Ericsson has joined forces with the likes of AstraZeneca and Saab to launch a joint venture set to build out AI infrastructure in Sweden.
Teased back in May, following Nvidia CEO Jensen Huang’s visit to southern Sweden, the joint venture aims to provide computing power for local, sovereign AI infrastructure.
Dubbed Sferical AI, the newly formed company will be based in Linköping, a city in southern Sweden that is a little over a two-hour drive from the capital, Stockholm.
The joint venture is owned by Ericsson, AstraZeneca, Saab, SEB bank, and Wallenberg Investments, with Nvidia hardware powering its AI workloads, including two DGX SuperPODs housing the Grace Blackwell GB300 systems – in what would make it one of the largest enterprise AI supercomputers in Sweden once operational.
Jenny Nordlöw, formerly head of operations for the Royal Swedish Academy of Engineering Sciences and an advisor to the Wallenberg family office, will lead the joint venture. The Wallenberg family’s investment arm is also backing Sferical.
“I look forward to, together with our partners, establishing the next generation of AI infrastructure in Sweden and strengthening the competitiveness of Swedish industry,” Nordlöw said.

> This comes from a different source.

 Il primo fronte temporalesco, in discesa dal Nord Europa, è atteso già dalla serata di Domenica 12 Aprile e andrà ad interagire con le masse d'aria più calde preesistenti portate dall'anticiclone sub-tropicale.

Alongside Nordlöw, Anders Ynnerman will serve as its executive chairman. He is a professor of scientific visualization in Linköping University’s Department of Science and Technology. Ynnerman also co-founded Sparsit, a startup developing models capable of collecting and analyzing data from sensors, which can be applied to things like computer graphics, video capture, and LiDAR.

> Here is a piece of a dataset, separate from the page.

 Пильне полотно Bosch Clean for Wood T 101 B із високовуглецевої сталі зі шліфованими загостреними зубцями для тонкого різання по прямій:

Marcus Wallenberg, chairman of Wallenberg Investments, said: “Through this initiative, we create the opportunity for some of Sweden’s leading companies to position themselves at the forefront of the rapid structural transformation of the business landscape brought about by the development and use of AI.”
Erik Ekudden, Ericsson’s CTO, said the telecom giant will work with Sferical AI partners to “develop, deliver, and operate advanced and complex AI to drive Swedish competitiveness – at both individual partner enterprise and national economy levels.”
Sferical AI marks the latest in a growing number of sovereign AI infrastructure projects emerging in Europe amid an increasing demand to build out local offerings to reduce reliance on U.S. hyperscalers.
Efforts like Colosseum in Denmark and Scaleway’s AION consortium are underpinned by a continental-wide push to grow Europe’s AI computing infrastructure.
EU-led projects, such as the AI Continent Action Plan, will invest some €2 billion ($2.3bn) in building specialised AI data centres, or, in Nvidia’s parlance, “AI factories.” There are also plans for some nine new AI supercomputers with a view to tripling the current AI computing capacity of the EuroHPC initiative.
Ericsson’s involvement would see the telecom giant not only boost the AI computing capacity of its native home but also employ its data science and networking expertise to “enable new business models and use cases” for its end users.
Sferical AI is the second joint venture Ericsson has joined in the past year, with the firm a leading founder of the API platform Aduna. The Swedish firm holds half of Aduna’s equity, while the other half is split across a combination of carriers, including Bharti Airtel, Deutsche Telekom, and Orange, among others.